Sociaal Plan Gemiva-SVG Groep concept april 2014
Pagina 6
1.
Werkingssfeer
1.1
Dit sociaal plan is van toepassing op de medewerkers die een arbeidsovereenkomst zijn overeengekomen met werkgever of haar rechtsvoorgangers en vallen onder de werkingssfeer van de cao en van wie de formatieplaats geheel of gedeeltelijk vervalt dan wel functie wordt aangepast en/of de plaats van tewerkstelling wijzigt als gevolg van een organisatieverandering.
1.2
Dit sociaal plan regelt de wijze waarop wordt omgegaan met de personele en rechtspositionele gevolgen van organisatieveranderingen voor een of meerdere werknemers.
1.3
De bepalingen in dit sociaal plan laten onverlet de verplichtingen op basis van de artikelen van de cao en de daarbij behorende uitvoeringsregelingen en de wettelijke verplichtingen van werkgever en de medewerker.
1.4
Dit sociaal plan is niet van toepassing op ontslagsituaties anders dan in geval van organisatieverandering.
2.
Geldigheidsduur
2.1
Het sociaal plan heeft een looptijd van 1 juni 2014 tot en met 31 december 2017.
2.2
Zes maanden voor het einde van de looptijd van dit sociaal plan vindt overleg plaats over beëindiging, wijziging en respectievelijk verlenging van het sociaal plan.
2.3
Individuele aanspraken, garanties en lopende trajecten, welke zijn ontstaan als gevolg van toepassing van dit sociaal plan, zullen ook na het verstrijken van de looptijd blijven gelden dan wel worden nagekomen. Na het verstrijken van de geldigheidsduur zullen geen nieuwe aanspraken onder het sociaal plan kunnen ontstaan.
3
Hardheidclausule
3.1.
In gevallen waarin dit sociaal plan leidt tot een onbillijke situatie voor de medewerker, zal werkgever in gunstige zin van dit sociaal plan afwijken.
3.2
Indien tussen werkgever en medewerker verschil van mening bestaat over de getroffen regeling als bedoeld in lid 1 van dit artikel of over het ontbreken van een dergelijke regeling, zal dit geschil worden voorgelegd aan de Bezwarencommissie.
3.3
Het bepaalde in lid 2 laat onverlet de mogelijkheid het geschil voor te leggen aan de burgerlijke rechter. Indien het geschil wordt voorgelegd aan de rechter vervalt het bepaalde in lid 2.
4
Plichten werkgever en medewerker
4.1
Werkgever en medewerker zijn gehouden aan uitvoering van dit sociaal plan.
4.2
Werkgever informeert de ondernemingsraad tijdig omtrent een beleidsvoornemen tot een besluit tot organisatieverandering als bedoeld in artikel 25 van de Wet op de ondernemingsraden. Deze informatie bevat in ieder geval globale aanduiding van de achtergronden, de overwegingen en uitgangspunten die aan het beleidsvoornemen ten grondslag liggen, alsmede een probleemanalyse, een globale oplossingsrichting en het voorgenomen tijdspad.

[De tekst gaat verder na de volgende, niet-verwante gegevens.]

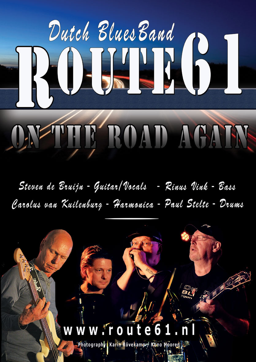 RouteRoute61, een passende naam voor een band die, via de Blueshighway/Route61, weer terugkeert naar de roots van de blues. Na een aantal succesvolle bluestours te hebben afgesloten, zijn Steven de Bruijn (gitaar en zang), Rinus Vink (bas) en Carolus van Kuilenburg (mondharmonica) en Paul Stelten (drums) weer terug daar waar ze ooit begonnen waren. Authentieke blues spelen van hen die ooit de blueshigway/route61 bewandeld hebben. Paul Stelte, een zeer ervaren drummer, vult de band perfect aan. Bluesband “Route61”, bestaat uit een groep zeer ervaren muzikanten met bluesmuziek in hart en ziel met een ruime podium ervaring op festivals, grote als kleine podiums.  Het repertoire bestaat uit werk van veel grote namen uit het verleden, zoals bv. John Lee Hooker, BB King, Sam’’Lighting’’ Hopkins, Mose Allison, Sonny Boy Williamson, Willy Dixon en vele anderen. Verschillende blues stijlen zijn vertegenwoordigd in het repertoire, bekende en minder bekende covers aangevuld met eigen werk.  Deze combinatie zorgt voor een perfecte balans tussen authentieke blues en blues in een meer modern jasje, wat altijd weer een garantie is voor een gezellige en een voelbare blues dag/avond.

Sociaal Plan Gemiva-SVG Groep concept april 2014
Pagina 7
4.3
Een besluit tot organisatieverandering als bedoeld in artikel 25 van de Wet op de ondernemingsraden wordt pas genomen nadat de ondernemingsraad in de gelegenheid is gesteld schriftelijk advies uit te brengen over de voorgenomen organisatieverandering, met inachtneming van de wettelijke bepalingen.
4.4
Het advies van de ondernemingsraad wordt gevraagd op basis van een plan van aanpak dat tenminste de volgende elementen bevat: de aanleiding en de inhoud van de voorgenomen organisatieverandering de bestaande en de voorgenomen organisatiestructuur welke functies kwalitatief en kwantitatief wijzigingen zullen ondergaan de gevolgen voor de werkgelegenheid op welke wijze (tijdsbestek en fasen) de organisatieverandering zal worden geëffectueerd.
4.5
Werkgever draagt er zorg voor dat de medewerkers van het direct betrokken organisatieonderdeel kennis nemen van een uitgewerkt veranderingsplan aangaande de organisatieverandering.
5.
Overleg werknemersorganisaties en ondernemingsraad
In regelmatig overleg met de vakorganisaties bespreken we de fases en scenario's die van toepassing zijn of worden aan de hand van de reorganisatieplannen en (financiële) ontwikkelingen. Steeds zal de uitvoering van het sociaal plan in relatie staan tot de beschikbare financiële middelen en een gezonde bedrijfsvoering. 5.1
Na het besluit over een organisatieverandering informeert werkgever overeenkomstig de cao en/of de Wet Melding collectief ontslag de werknemersorganisaties. Werkgever zal het besluit met redenen omkleed beschrijven en toelichten.
5.2
Werkgever gaat pas over tot een besluit aangaande (collectief) ontslag, indien op grond van de hieronder genoemde stimulerende interne en externe mobiliteitsmaatregelen op enig moment blijkt dat minder dan 80% van de beoogde formatiereductie op enige peildatum is gerealiseerd. Betreffende cijfers en peildata worden per adviesaanvraag geformuleerd conform artikel 4.4 van het sociaal plan.
5.3
Werkgever, ondernemingsraad en werknemersorganisaties voeren tijdens de looptijd van het sociaal plan elk kwartaal overleg.
5.4
Werkgever voert de regie over de uitvoering van het sociaal plan en draagt zorg voor adequate interne communicatie en uitvoering.
5.5
Werkgever zal tijdens het overleg met de ondernemingsraad en de werknemersorganisaties de voortgang van de reorganisaties rapporteren. De rapportage omvat in ieder geval: de stand van zaken ten aanzien van het aantal boventallige medewerkers: het aantal herplaatsingen intern en uitstroom naar banen extern (voor zover bekend bij werkgever); een overzicht van de mobiliteit bevorderende maatregelen die zijn gebruikt of waarvan gebruik wordt gemaakt; een presentatie van de hoofdlijnen van de adviesaanvraag en het door de ondernemingsraad gegeven advies (van de interne communicatie aan de medewerkers met betrekking tot adviesaanvragen wordt steeds gelijktijdig een afschrift aan de werknemersorganisaties verstrekt).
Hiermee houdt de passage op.